I tried mine out today, going through the complete process of fitting one to see what was involved. Essentially you pull it over and around the tyre except for the part that is in contact with the ground, then you move the car forward to complete the fitting. They naturally don’t fit entirely symmetrically, but apparently this is corrected automatically once you start driving. I didn’t test this, though, as there are clear instructions that they shouldn’t be driven far on tarmac. I have read that they can wear out completely in 10-20 miles on tarmac, but can last indefinitely if only used on snow.

The snow sock should centralise when driven (Image: T. Larkum)
The snow sock should centralise when driven (Image: T. Larkum)

The socks were a very tight fit – which I guess is a good thing in terms of grip. However, it did mean that they were harder to fit than I expected. In particular there is not a lot of room between the wheel arches and the wheels (the 16” alloys in my case) so it would be more difficult if you had large hands. Also, I suspect it may rule out using gloves which is not a nice thought in snowy conditions.

Based on my experience today I plan to allow up to half an hour to fit both socks, drive carefully out of the road, remove them again and pack them away. In fact, I have added a large bin bag to the equipment in my boot so I can bundle them into it when covered in messy snow.

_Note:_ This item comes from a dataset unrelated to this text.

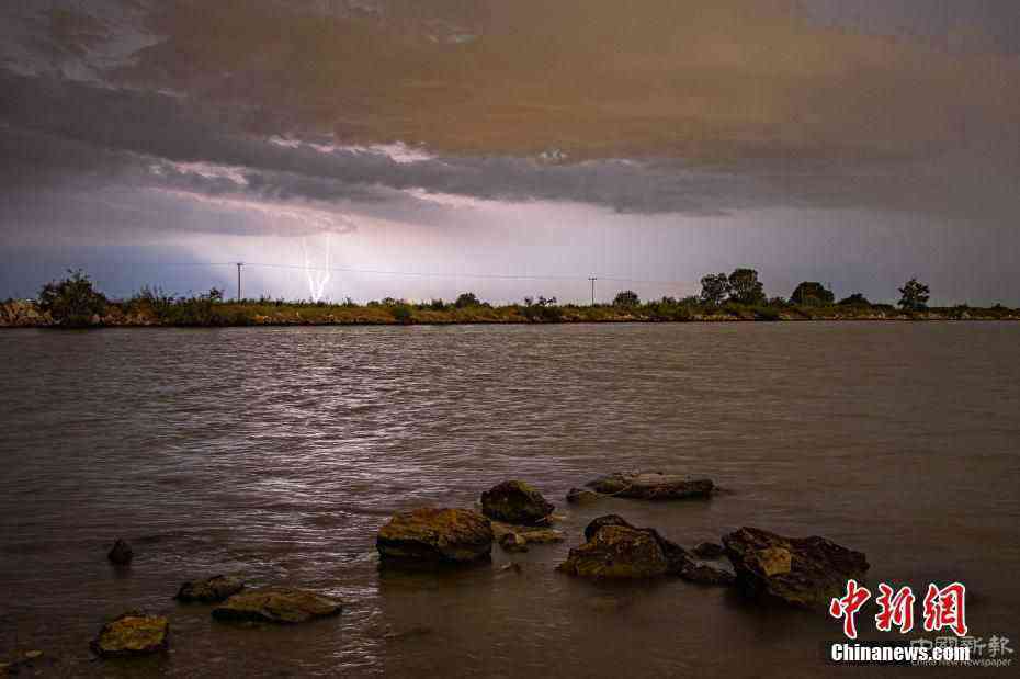 近日,希臘塞薩洛尼基迎來雷暴雨,天際出現(xiàn)多道閃電,場(chǎng)面壯觀。圖片來源:視覺中國(guó)

Anyway, given that I was able to fit one today without incident, I feel pretty confident that I will be able to get them on and off in snowy conditions when I need to, and that they will make a great difference in driving ability. In particular, I’m sure they will enable me to get out of my steep road which is the main requirement – at that point I will remove them before continuing to work. I will also then have the option of fitting them at the other end if I need to.

Having researched various snow socks and suppliers on the Internet I decided to choose AutoSocks. They are, as I understand it, the original patent holders and certainly they have accreditation from various safety and motoring organisations to back it up. There are certainly cheaper suppliers but I suspect they take short cuts, for example skimping on the Kevlar.

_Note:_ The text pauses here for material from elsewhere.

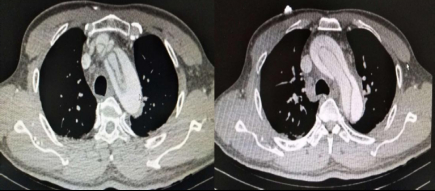 图 3 患者肺CTA示主动脉弓夹层(Stanford A型) |

AutoSocks can be found on Amazon, and the links are below. Of course other suppliers are available (those are affiliate links) – just Google ‘AutoSocks’ for other sources.

Anyway, I’ll post my experiences of how I get on if/when I get to use these snow socks. If you have used snow socks, snow chains or winter tyres on a ZOE then please add your experiences in the comments.

Of course, I’ll be hugely disappointed if there’s not lots of snow this winter!